Reputation: 1593
I am using the following to sign my output dll.
The problem is that this makes signing to run every time the build is done which kills incremental build.
I tried using Inputs="$(TargetPath)" Outputs="$(TargetPath)"
, but this doesn't run sign task at all.
A possible solution is to compile into different folder and then copy with signing which makes this more cumbersome.
Is there something simpler?
<Target Name="Sign" AfterTargets="Build">
<Exec Command="signtool sign /f "$(SolutionDir)my.pfx" /p password /t http://timestamp.verisign.com/scripts/timstamp.dll "$(TargetPath)"" />
</Target>
Upvotes: 0
Views: 3072
Reputation: 1593
The answer is simply to not sign when linkage was not involved.
<!-- Sign only if produced an output-->
<Target Name="SignOutput" AfterTargets="CoreBuild;Link" BeforeTargets="PostBuildEvent;AfterBuild" Condition="'$(LinkSkippedExecution)' == 'False'">
<Message Importance="High" Text="Signing $(TargetPath)"/>
<Exec Command="signtool ... " /> <!-- Either manugally calling signtool -->
<SignFile .../> <!-- Or any other command to sign -->
</Target>
Upvotes: 0
Reputation: 788
This snippet of MSBuild configuration will sign the output assemblies using signtool, and timestamp them for Release configurations, assuming the version of .NET Framework is new enough to use Roslyn.
Roslyn triggers the "SignExe" target whenever it compiles.
<PropertyGroup>
<TargetsTriggeredByCompilation>
SignExe
</TargetsTriggeredByCompilation>
</PropertyGroup>
<Target Name="SignExe">
<PropertyGroup>
<CodeSignThumbprint>SHA1CERTTHUMBPRINTHERE</CodeSignThumbprint>
</PropertyGroup>
<SignFile SigningTarget="@(IntermediateAssembly)" CertificateThumbprint="$(CodeSignThumbprint)" TargetFrameworkVersion="$(TargetFrameworkVersion)" TimestampUrl="http://timestamp.verisign.com/scripts/timstamp.dll" Condition="'$(Configuration)' == 'Release'"></SignFile>
<SignFile SigningTarget="@(IntermediateAssembly)" CertificateThumbprint="$(CodeSignThumbprint)" TargetFrameworkVersion="$(TargetFrameworkVersion)" Condition="'$(Configuration)' != 'Release'"></SignFile>
</Target>
Upvotes: 1
Reputation: 76760
Sign file MSBuild with incremental build
Just as you know, we do not need to sign the output dll every time, so usually we always use the command line with command prompt to complete it when we need to sign it:
This tool is automatically installed with Visual Studio.

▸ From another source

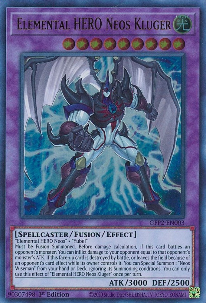 | Card Text | "Elemental HERO Neos" + "Yubel" Must be Fusion Summoned. Before damage calculation, if this card battles an opponent's monster: You can inflict damage to your opponent equal to that opponent's monster's ATK. If this face-up card is destroyed by battle, or leaves the field because of an opponent's card effect while its owner controls it: You can Special Summon 1 "Neos Wiseman" from your hand or Deck, ignoring its Summoning conditions. You can only use this effect of "Elemental HERO Neos Kluger" once per turn. |

To run the tool, use the Developer Command Prompt (or the Visual Studio Command Prompt in Windows 7). For more information, see Command Prompts.
Or we could use custom target to execute it, but without AfterTargets="Build
, otherwise, it will always be executed when we build the project, just like what you said "which kills incremental build.".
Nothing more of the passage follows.